Namun dalam tulisan ini, penulis berusaha fokus tentang perubahan iklim sebagai ancaman serius yang tidak terelakan.
G20 punya relevansi dan kepatutan dalam menanggung berbagai permasalahan global khususnya perubahan iklim.
Forum kerja sama ini merepresentasikan lebih dari 60 persen populasi dunia, 75 persen perdagangan global, 80 persen PDB dunia dan sekaligus penyumbang emisi gas dunia sebesar 80 persen.
Karena itu, G20 harus menomorsatukan diskursus tentang ancaman perubahan iklim sebagai tanggungjawab besar yang perlu dijawab dengan suatu langkah konkret.

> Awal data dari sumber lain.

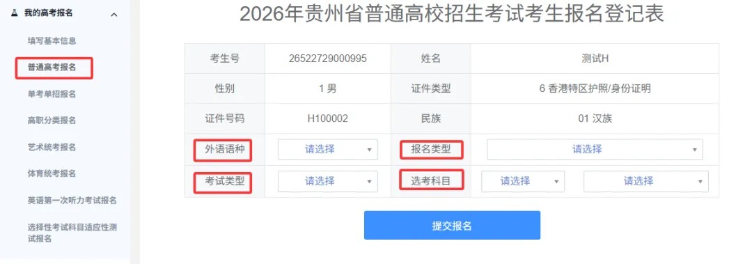 贵州省2026年高考11月1日起报名!操作步骤来了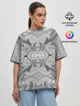 Женская футболка оверсайз / Черно-белый абстрактный узор.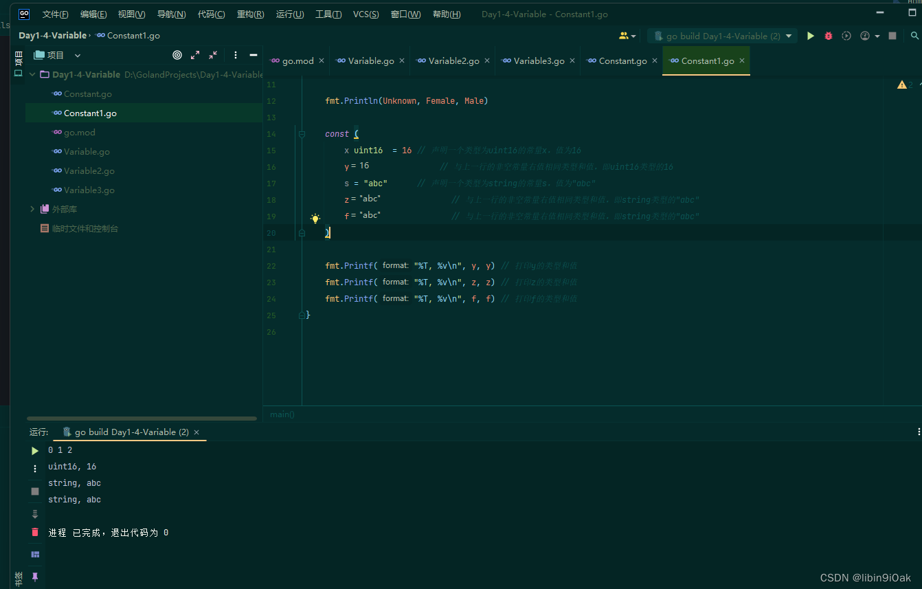 const identifier [type] = value常量可以是布尔型、数字型(整数型、浮点型和复数)和字符串型。常量的值在编译时确定,不可以被修改。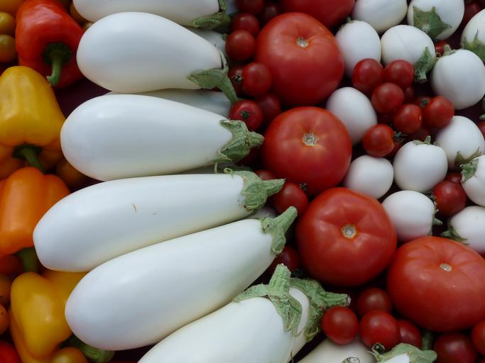 Keywords: vegetables tomato food frisch delicious market italian vegetarian healthy eggplant paprika vitamins colorful pepper raw food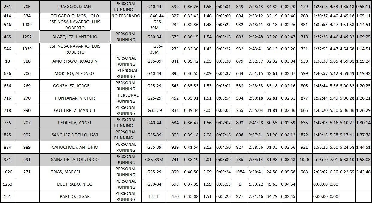 Aquí os dejamos vuestros puestos, tiempos, parciales, y fotos de todos vosotros.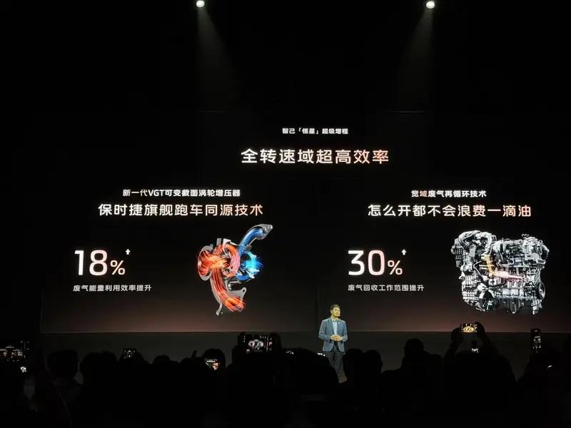 Zephyr 1.5T 增程专属超效黄金发动机采用了SAIC十佳技术,高热效率带宽提升了8倍,高压缩比深度米勒循环燃烧系统热效率提升1.02%;高混合进气设计滚流比提升60%。此外,该增程器还采用了保时捷跑车同源技术的新一代VGT可变截面涡轮增压器。
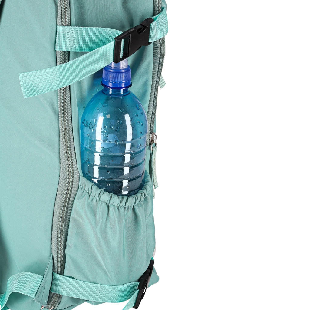 Počet vnějších kapes: 4 (2 přední kapsy na zip a 2 boční kapsy na lahve s gumičkou).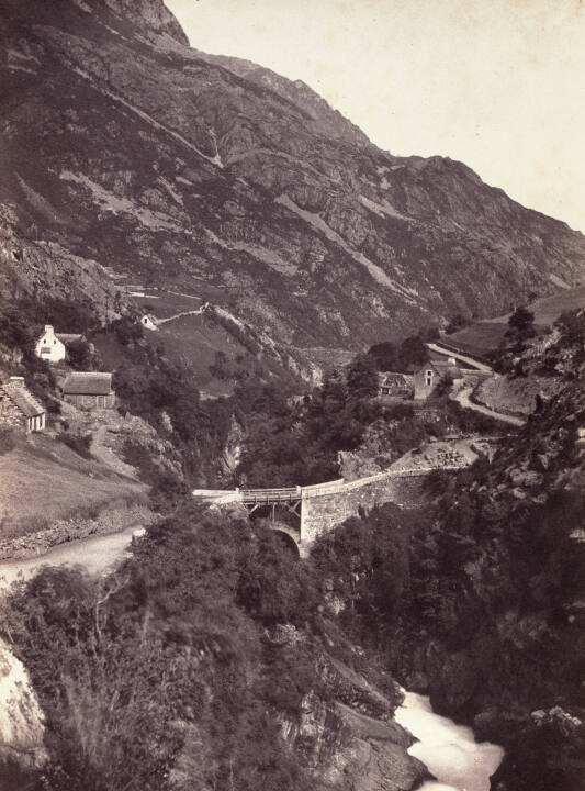 Joseph Vigier, a founding member of the Société Héliographique in Paris, was a student of Gustave Le Gray. While traveling through the Pyrenees in the summer of 1853, Vigier produced several hundred mountain views (along with some views of Spain). Soon after, he published a small-edition album of 38 prints, the Album des Pyrénées, which represented his finest work and was regarded as a tour de force by his contemporaries. This particular view, one of 16 in the album made in and around the St. Saveur region, is characteristic of Vigier’s carefully composed scenes.
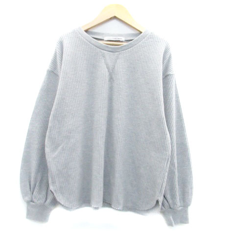 【中古】レイカズン Ray cassin カットソー ラウンドネック 長袖 無地 ワッフル F グレー /HO42 レディース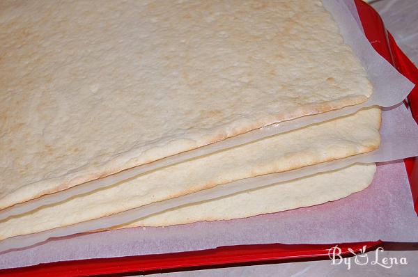 Assemble the cake by layering: sheet 1 + cream + sheet 2 + cream + sheet 3.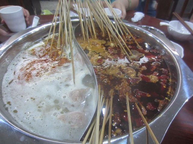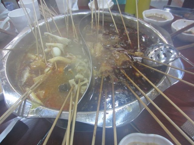 点了一个鸳鸯锅,类似火锅那种的。很快就端上来了,辣锅那边要的微辣的,最后发现微辣也挺辣的,可能成都那边的辣度和北京的辣度不太一样。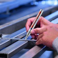 Pennarello a vernice - Edding 750 per una scrittura molto coprente e permanente anche su materiali scuri e trasparenti. Marcatura su metallo, vetro, plastica ecc.. e in particolare su tutte le superfici lisce. Asciugatura rapida della vernice e lieve odore. Resistente all'acqua, alla luce, al calore fino a 400°C (1000°C per alcuni colori come bianco, giallo, argento) e resistente all'abrasione. Erogazione dell'inchiostro controllata da valvola. Senza toluene/xilene.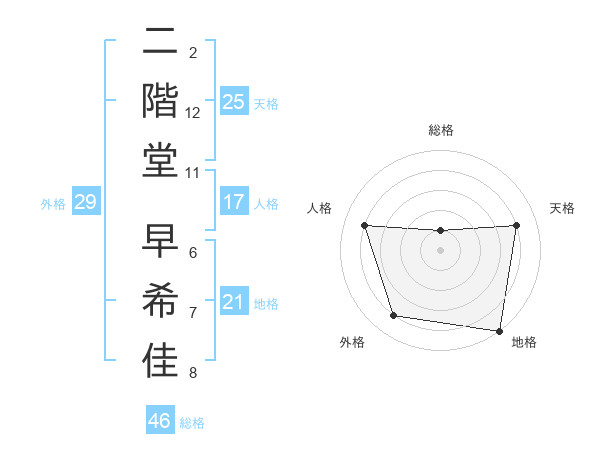 二階堂 早希佳さんの天格は25画の4点!

Setiap kebijakan dan komitmen di antara negara G20, seyogianya dilandasi kesadaran akan pentingnya memperhatikan keseimbangan ekologi untuk kelangsungan generasi selanjutnya.
Untuk suatu alasan yang rasional dan bersifat mendesak, Fakta Iklim Glasgow harus diseret dan dielaborasi secara tajam dalam pembahasan forum G20 yang akan datang.
Stabilitas pembangunan ekonomi global berkesinambungan harus sejalan dengan kesiapan inovasi dalam penyediaan infrastruktur alternatif yang menunjang pemanfaatan energi bersih.
Indonesia yang saat ini memegang Presidensi G20, harus berperan aktif dalam menyuarakan pentingnya mengembalikan keseimbangan lingkungan sebagai prioritas kebijakan di antara anggota G20.
Indonesia perlu menekankan pentingnya kerja sama global di bidang inovasi dan kerja sama strategis dalam menciptakan road map penggunaan energi bersih dan menekan emisi karbon.
Indonesia juga perlu memberi penekanan pada negara-negara di dalam keanggotaan G2O yang dipandang kurang ambisius dalam jalur untuk menekan suhu kenaikan bumi di angka 1,5 derajat celcius.
Obsesi sejumlah negara industrialis besar di dunia dalam mengejar kejayaan singkat dengan konsekuensi penderitaan berkepanjangan jelas tidak rasional.